Hadid, you will have gathered, is not a tactful type. She speaks as she finds, in a rich bourbon-and-Marlboro accent (though she does not drink, and says she has not smoked for four years). Some find this frankness alarming, some enchanting. But if you are one of the world’s dozen top architects, and the only woman to enjoy that role — let alone a woman who is Iraqi-born — well, you can say what you like.
This is not unusual in the rarefied world she inhabits. Most of the best, most in- demand international architects behave in an equally high-handed fashion: she’s just matching the boys in America’s exclusive Pritzker-prize club, shot for shot. What makes her cherishable is that, unlike most of them, she always lets the mask slip in public. An off-script thought strikes her, and out it comes. Then she shrugs and smiles in her toothy way, as if to say — oh well, ain’t nothing but the truth. Frank Gehry, Norman Foster, Renzo Piano and her old boss and chum, Rem Koolhaas, do not act quite like this when they are let out. Which makes Hadid, I reckon, a national treasure to set alongside Tracey Emin. Gawd bless yer, ma’am.

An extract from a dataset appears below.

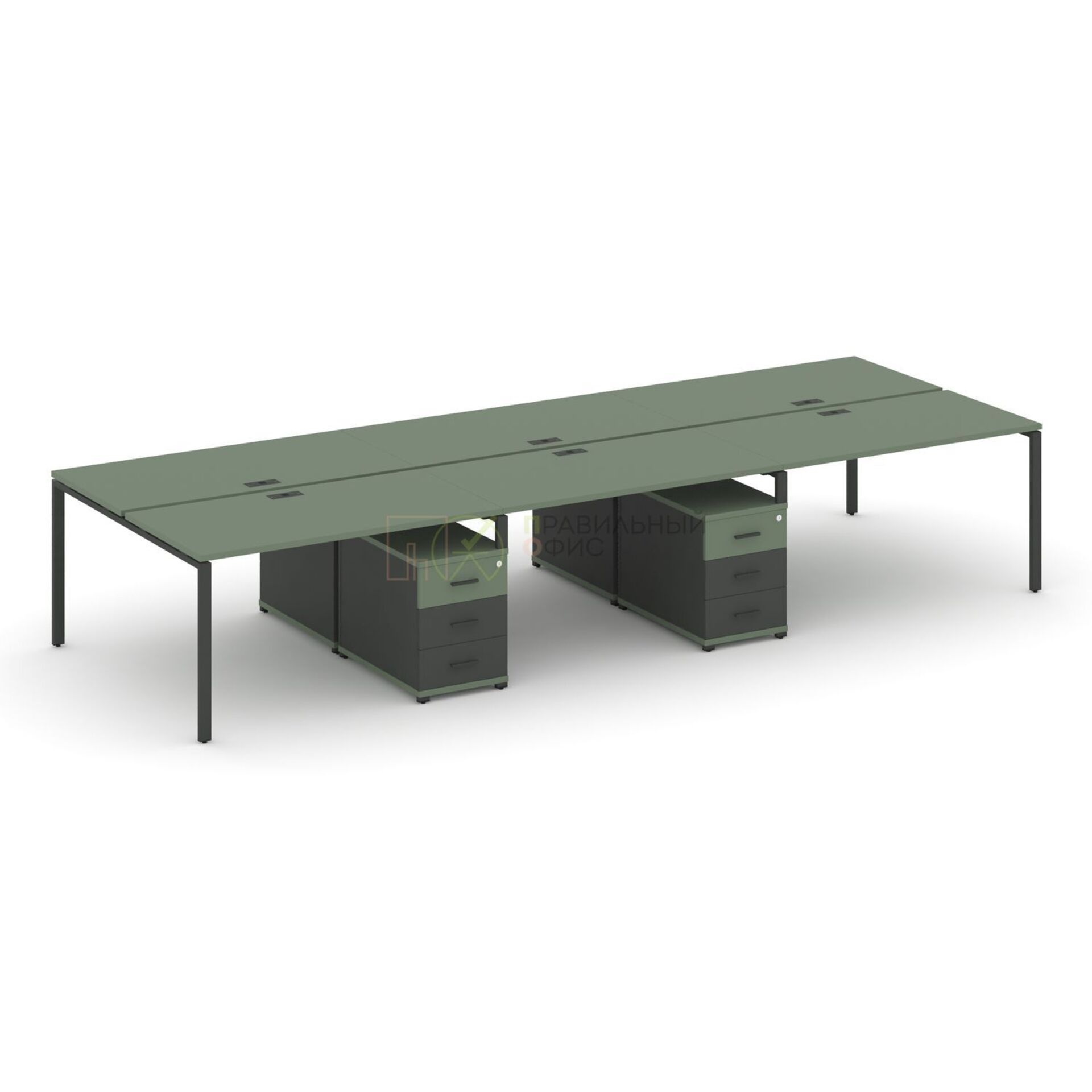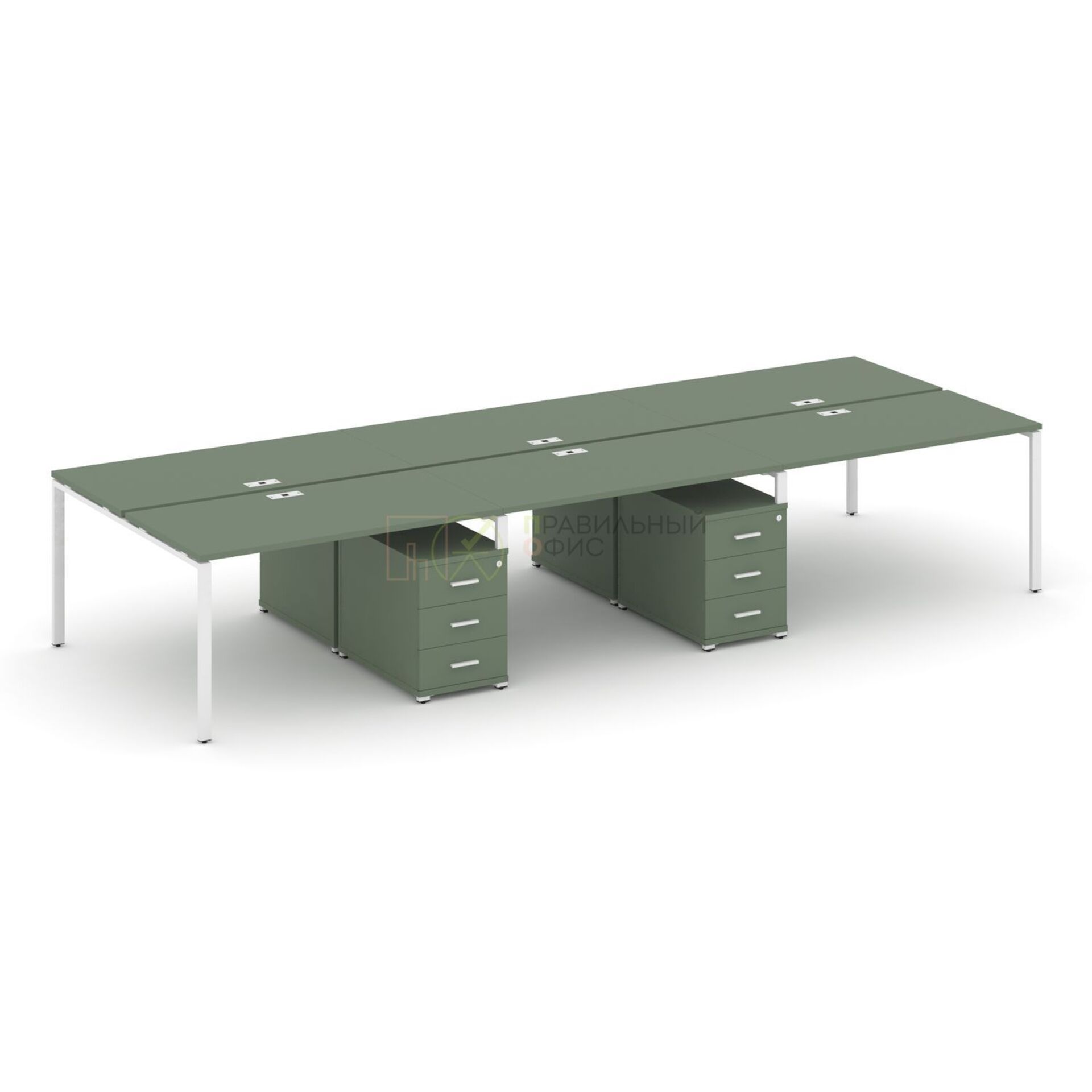 Рабочая станция на 6 мест с двумя двухсторонними опорными тумбами CN.DRS-344 A/B/W

She’s a lot more relaxed now than she used to be, doubtless because she’s building stuff everywhere. She’s happy to gossip about her chances in the forthcoming Stirling prize, against the likes of Foster and the office of the late Enric Miralles, he of the Scottish Parliament building. Her assured BMW factory in Leipzig — which, in an act of theatrical bravura, brings suspended car shells clanking through the office atrium — is fancied by many. She claims she has no expectations, but, staying with the conversation, says she has a sneaking admiration for Miralles.

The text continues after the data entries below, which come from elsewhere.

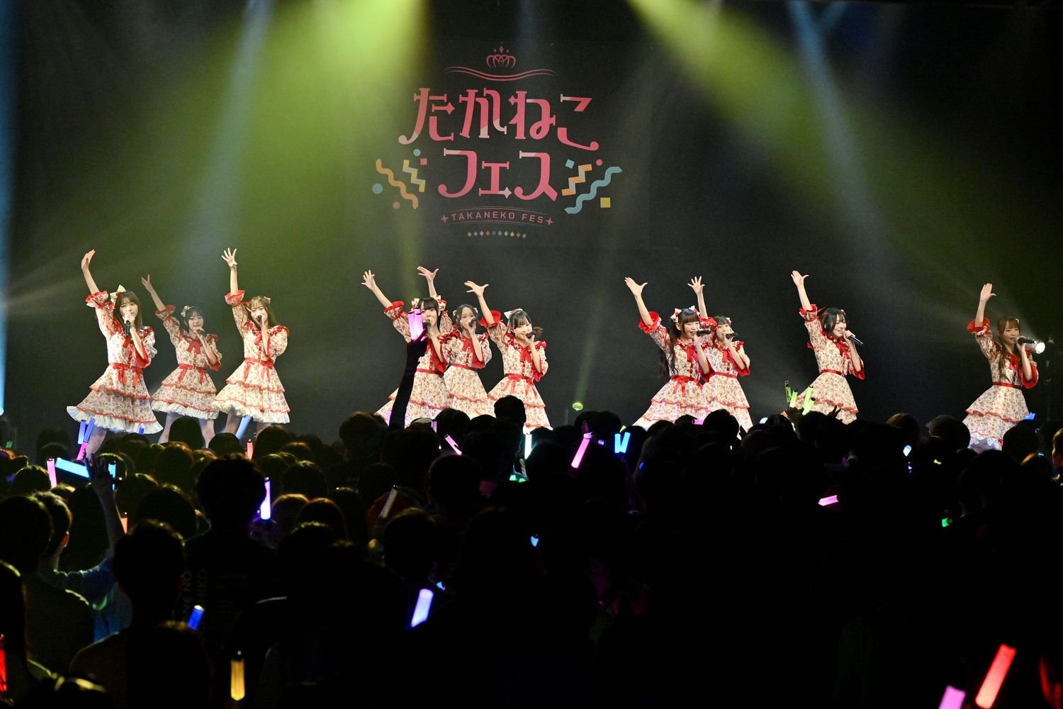 また、このイベントからたかねこの衣装も新しくなり、これまでの制服っぽいイメージのある衣装から一転、白地に赤い花をあしらった生地でフリルやパフスリーブ、そして大きめのヘアアクセサリーで、メンバーそれぞれの個性に合わせたスタイル。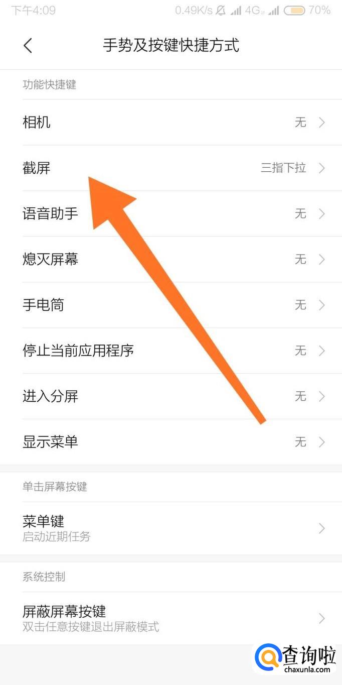 接着点击进入“截屏”功能快捷键设置选项。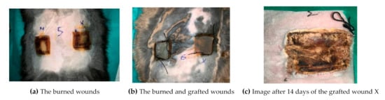 For the clinical testing of the scaffolds, eight common breed rabbits were included. A general clinical examination was performed before anesthesia and included the assessment of the habitus, skin and mucous membranes, the examination being repeated and post-intervention. The results also depend on various co-morbidities, in multicellular organisms, both health and disease are defined by means of communication patterns involving the component cells. Clinical supervision was performed daily throughout the experiment; no changes in the physiological state were reported in the rabbits included in the study [,,,]. The appearance of the wound was followed and a favorable evolution was observed after the graft. One noticed the obvious recurrence of hairs throughout the wound contour, the absence of inflammation, and after taking biological samples for anatomic–pathological tests, the revascularization of the tissue [,]. Palpation of the area shows a hard, normal appearance, without a painful sensation. The evolution of wound recovery is presented in the next images (Figure 8), where, M is the wound grafted with biomaterial made of BC-β-keratose and X wound grafted with biomaterial of BC-β-keratose and artificial tegument.
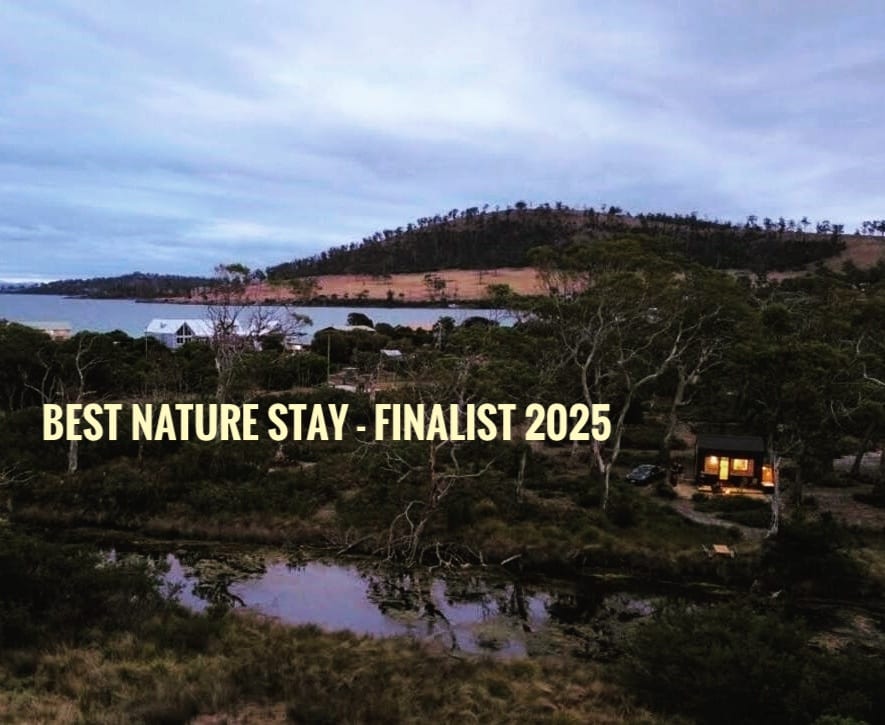 Experience the feeling of calm when you turn onto the winding private road that takes you to The Hide. Surrounded by forest, and set on the waterfront, the Hide provides an elegant refuge for couples. In a national park like setting and situated centrally, it is the perfect base for exploring popular Bruny Island. With so much to do on the property, as well as wider afield, we recommend a 2-3 night stay if you can fit it into your schedule.

The £4.5m Ordrupgaard Museum extension is something of a footnote in Hadid’s onward march. Won in competition at a time when she didn’t have so much work on, it is a small, fluid exercise in black concrete and glass that doubles the display space of this bijou rural gallery of French impressionists on Copenhagen’s northern fringes.
Architects cannot help influencing each other: the trick is to stay ahead of the game. So, Hadid’s jagged, splintery early style, now adopted in diluted form by many others, is conspicuously absent here. The curves and loops of the continuous concrete slab forming the floor, walls and roof are a much softer proposition. Moulded concrete, however, is not a technology the Danes are familiar with, and some of this building — in particular, the way the rectilinear steel-framed glazing system is cut to join the double- curving roof slab — looks a little botched. The join is anything but neat. Mention this to Hadid and she agrees. Yes, she says. It was a bother getting it built. They did it much better at Leipzig.
This insouciance shows through in other ways. Most architects of art galleries go to absurd, complex lengths to get filtered daylight coming down from above. Hadid just slashes simple gashes in the concrete roof and puts in something opaquely translucent. And where there are particularly sensitive drawings and watercolours to protect, she leaves out the daylight altogether. It works. What’s the problem? In the downstairs gallery, where there’s a good Gauguin show, two of her walls lean backwards, so putting the pictures on a slight slant. The curators love what they call this “easel angle”. Hadid shrugs again. Easels? What easels? She just did sloping walls, that’s all.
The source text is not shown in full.